NIM : 1904551499
Kelas : Z
UAS : Gender dalam Hukum
Dosen : Ni Nyoman Sukerti
2. Patrilinial yaitu sistem kekerabatan yang menarik garis keturunan dari garis laki-laki
(ayah), sistem ini dianut di Bali, Tapanuli, Lampung, dll. Laki-laki berkedudukan
sebagai ahli waris, sedangkan kaum perempuan justru sebaliknya tidak sebagai ahli
waris. Contohnya pada masyarakat patrilinial di Bali dikenal perkawinan nyeburin
(nyentana) sehingga menjadi sama statusnya dengan status anak laki-laki.Tetapi
tetap saja perempuan tidak bisa membuat keputusan dalam keluarga. Perempuan tetap
menjalankan tugasnya sebagai ibu rumah tangga dan perempuan hanya bisa
mendapatkan ahli waris dari keluarganya.
Matrilinial yaitu sitem kekerabatan yang menarik garis keturunan dari garis
perempuan (ibu), sistem ini dianut di Sumatra Barat (Minangkabau) dll. Sistem
kekerabatan ini menempatkan status kaum perempuan yang tinggi dan disertai
dengan sistem perkawinan semendonya, dan sebagai penerus keturunan serta
dalam hukum waris juga sebagai ahli waris.
Parental yaitu sistem kekerabatan yang menarik garis keturunan dari garis laki-
laki (ayah) dan perempuan (ibu), sistem ini dianut Jawa, Madura, Sumatra Selatan
dll. Pada prinsipnya menempatkan kedudukan antara anak laki-laki dan perempuan
adalah sama dalam hal mewaris. Semua anak-anaknya baik laki-laki maupun
perempuan mempunyai kedudukan yang sama yaitu sama-sama sebagai ahli waris.
3. Peraturan yang tidak mencerminkan KKG, pasal 3 ayat (2) Undang-Undang
Republik Indonesia Nomor 1 Tahun 1974 tentang Perkawinan menentukan bahwa
“Pengadilan dapat memberi izin kepada seorang suami untuk beristeri lebih dari
seorang apabila dikehendaki oleh pihak-pihak yang bersangkutan”.
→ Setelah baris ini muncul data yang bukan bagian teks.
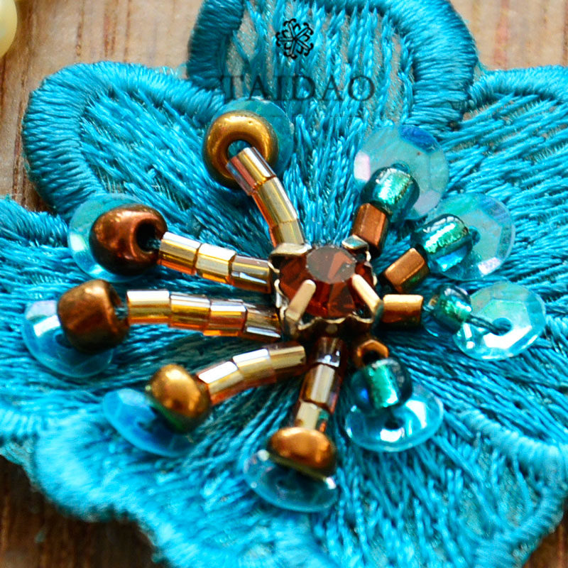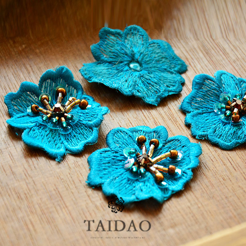 Taiwan DIY handmade accessories Beaded Lace flower appliqué 190 sequins beaded cloth patch flowers
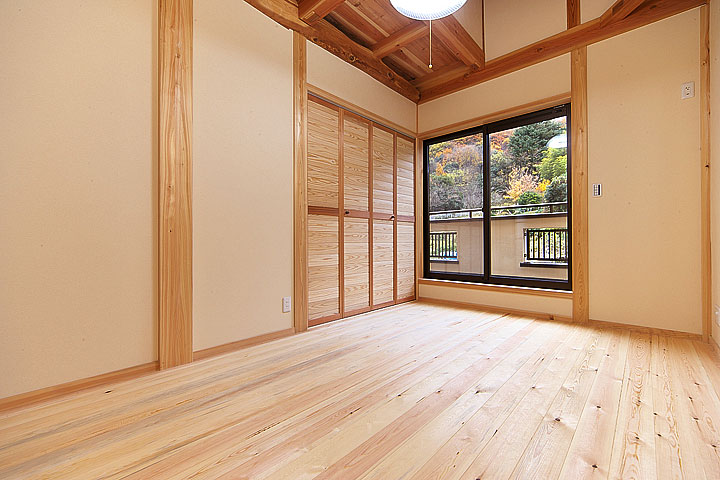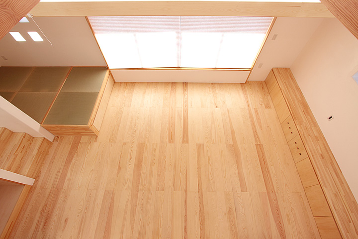 - ※写真は南部赤松(ナンブアカマツ)無垢フローリングの施工例(写真をクリックすると拡大表示します)。
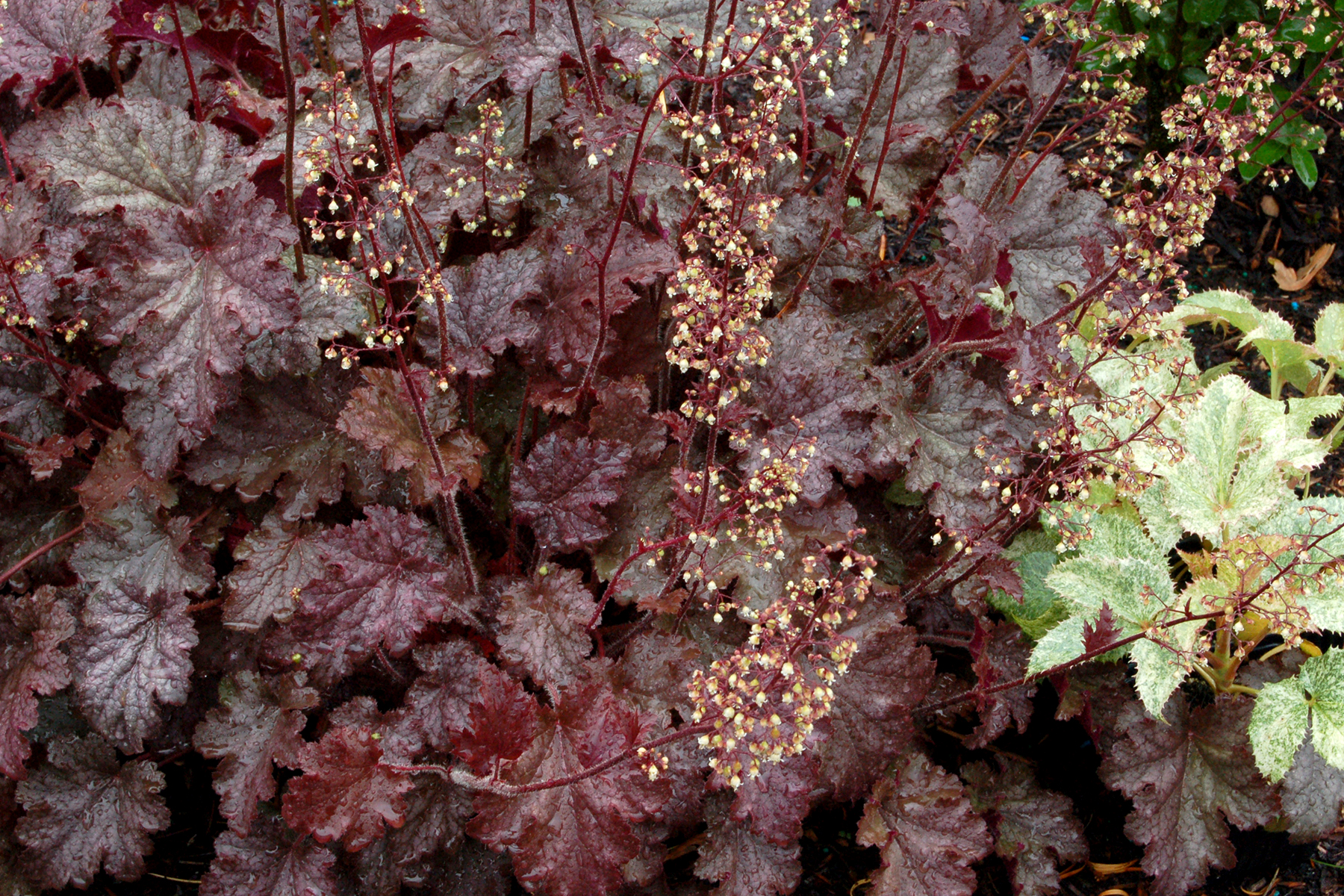 The magnificently ruffled, somewhat glossy leaves are maroon-purple when young, aging to bronze-green with bright purple undersides. Cream colored flowers appear on 3 foot tall, dark purple scapes from late spring to early summer. 'Stormy Seas' has a fantastic compact habit and displays extreme vigor. It is considered to be one of the best landscape Heuchera by its breeder, TERRA NOVA® Nurseries.
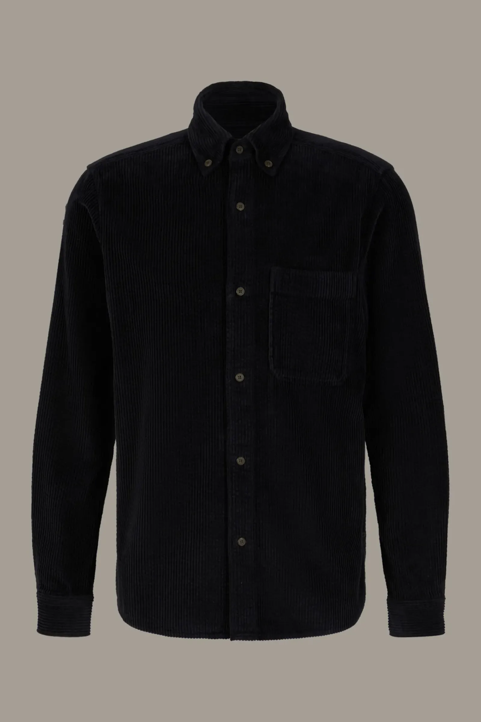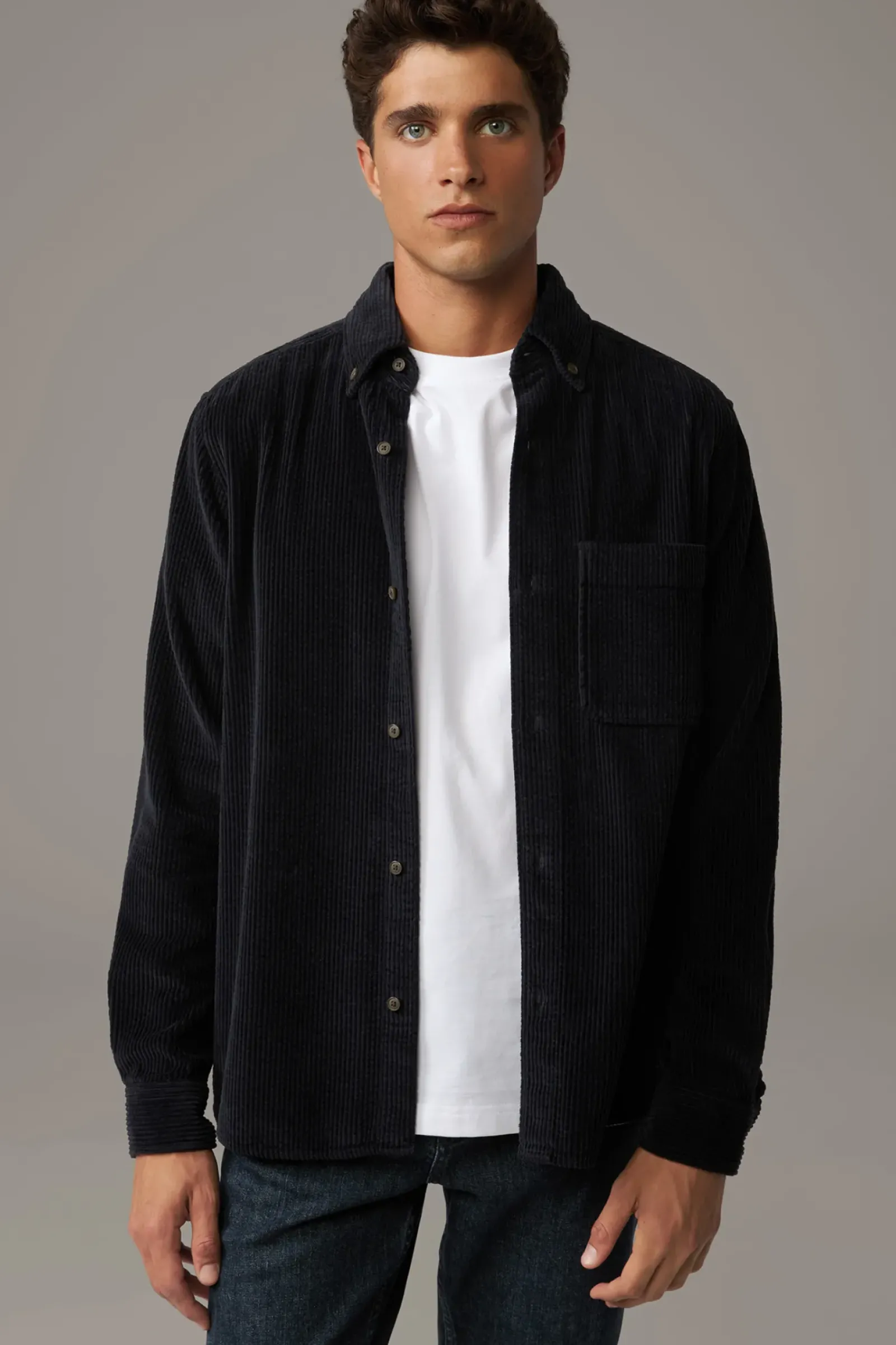 Casual Essential: das Cord-Hemd Nero aus reiner Baumwolle. Eine durchgehende Knopfleiste und die Manschettenärmel geben einen klassischen Look, modern ergänzt durch den Button-Down-Kragen.
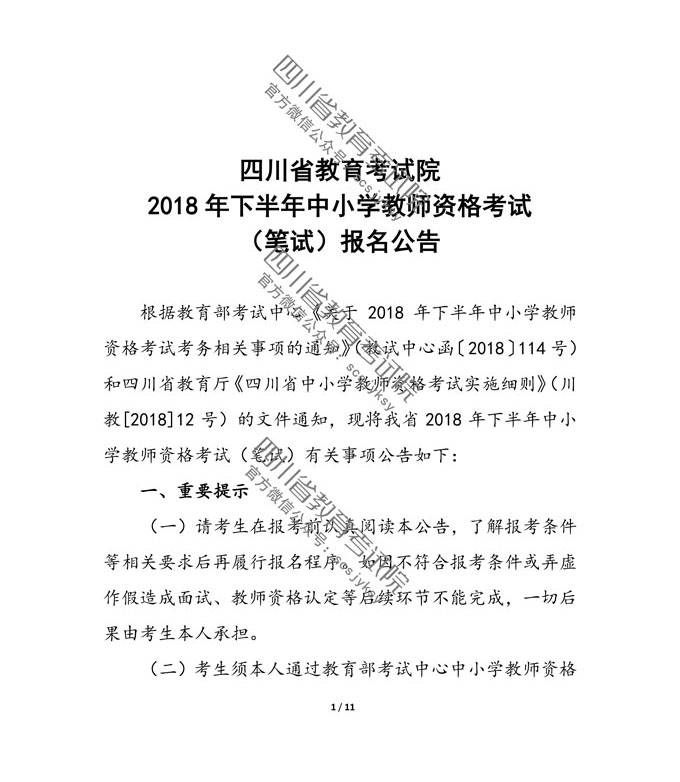 2018年下半年中小学教师资格考试(笔试)报名公告

Peraturan yang mencerminkan KKG, pasal 28H ayat (2) Undang-Undang Dasar
Negara Republik Indonesia Tahun 1945 menentukan bahwa ”Setiap orang berhak
mendapat kemudahan dan perlakuan khusus untuk memperoleh kesempatan dan
manfaat yang sama guna mencapai persamaan dan keadilan”.
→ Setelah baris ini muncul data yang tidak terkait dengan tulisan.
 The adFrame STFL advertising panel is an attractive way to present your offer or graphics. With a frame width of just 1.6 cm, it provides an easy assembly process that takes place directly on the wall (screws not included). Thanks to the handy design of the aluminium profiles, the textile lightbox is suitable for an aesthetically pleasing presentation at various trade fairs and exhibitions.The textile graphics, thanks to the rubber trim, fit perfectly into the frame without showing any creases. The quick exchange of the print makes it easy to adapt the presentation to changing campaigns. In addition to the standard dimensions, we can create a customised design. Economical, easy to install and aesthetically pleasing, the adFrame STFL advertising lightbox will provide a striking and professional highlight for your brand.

4. Hukum agraria adalah serangkaian kaidah dan hubungan yang mengatur hak
penguasaan atas bumi, air, ruang angkasa dan kekayaan alam yang terkandung di
dalamnya. Gender dalam Hukum Agraria, perempuan seringkali memiliki keterbatasan
dalam pengambilan keputusan atas kontrol penggunaan lahan serta hasilnya. Hak
perempuan atas tanah yang masih diatur oleh sistem hukum formal dan hukum adat
menjadi salah satu penyebabnya. Ada tiga argumen kuat yang menjadi alasan
perempuan harus memiliki hak atas tanah dan properti diantaranya, argumen
kesejahteraan, argumen kesetaraan dan pemberdayaan serta argumen praktik dan
strategis berbasis gender. Contohnya seperti kepemilikan tanah di suatu kota, dimana
laki-laki memiliki kendali atas 84% lahan yang tersedia sedangkan perempuan hanya
menguasai 16%. Adapun alasan di balik kondisi ini yakni, terbatasnya akses perempuan
terhadap informasi, akses dan partisipasi dalam proses pengambilan keputusan, fasilitas
dan saluran untuk keluhan dan mekanisme pelaporan serta terbatasnya akses
perlindungan hak perempuan. Jadi perempuan harus mendapatkan kesetaraan atas
pembagian tanah dengan laki-laki.
Hukum pajak adalah hukum yang bersifat public dalam mengatur hubungan
negara dan orang/badan hukum yang wajib untuk membayar pajak. Gender dalam
hukum pajak, setiap warga negara harus tunduk dengan hukum ini untuk menciptakan
kesejahteraan dan pembangunan yang menyeluruh bagi setiap daerah. Contohnya jika
anda pelaku usaha, anda harus tunduk pada setiap hukum perpajakan yang ada. Hitung
dan bayarlah pajak kepada negara secara rutin. Jika tidak, anda akan dikenakan denda
atau hal yang lebih serius seperti putusan pidana.